After learning more about the GitHub Copilot Agent at the 2026 Microsoft MVP Summit, I decided to finally give it a serious try. This was my first time using the agent on GitHub since I normally rely on Copilot Chat in Visual Studio.

To be honest, my experience with Copilot in Visual Studio has been disappointing. Too often, it generates unit tests that do not compile, do not follow my established patterns, or simply miss the mark. Still, I wanted to give the GitHub agent a fair shot.

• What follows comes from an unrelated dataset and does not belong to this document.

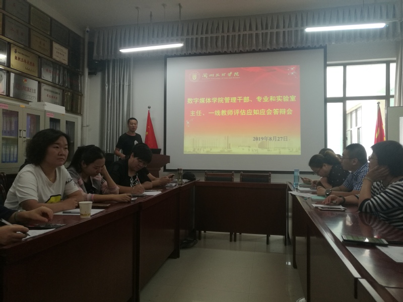 为进一步落实我校合格本科评估工作要求,切实做好我院全体教职工评估应知应会核心问题考核,8月27日上午,yl7703永利在学院会议室召开“数媒学院管理干部、专业和实验室主任、一线教师评估应知应会答辩会”,学院领导班子和教职工全员参与,人人答辩,互相帮助共同进步。8月28日下午,数媒学院全体教职工全部依次通过个人答辩,此次合格本科评估应知应会答辩会圆满结束。

Because I am always playing catch-up on unit tests in my open-source Spargine libraries, I decided to use the agent to find and add missing tests across the projects. I hoped it would speed up a task that is both important and time-consuming.

This article covers what I found: the serious issues, the surprising successes, and the lessons I learned along the way.

I started with a simple prompt:

Review the unit tests for CacheStatistics.cs. Ensure all code paths are covered. If not, add the required unit tests.

That is not the prompt I ended up with.

Why I Tried the GitHub Copilot Agent

For the Spargine solution, my plan was simple: let the agent write tests, synchronize the changes locally, confirm the solution built successfully, and then run the unit tests. I repeated that process class by class.

It did not take long for the problems to show up.

The Problems I Ran Into

It Deleted Three Test Projects

The first major issue was a bad one.

After synchronizing changes from GitHub and attempting a build, the solution exploded with hundreds of errors. When I looked more closely, I could hardly believe what I saw: every source file from three unit test projects had disappeared from my local file system, leaving behind only the project files. Fortunately, the files were still in the GitHub repository.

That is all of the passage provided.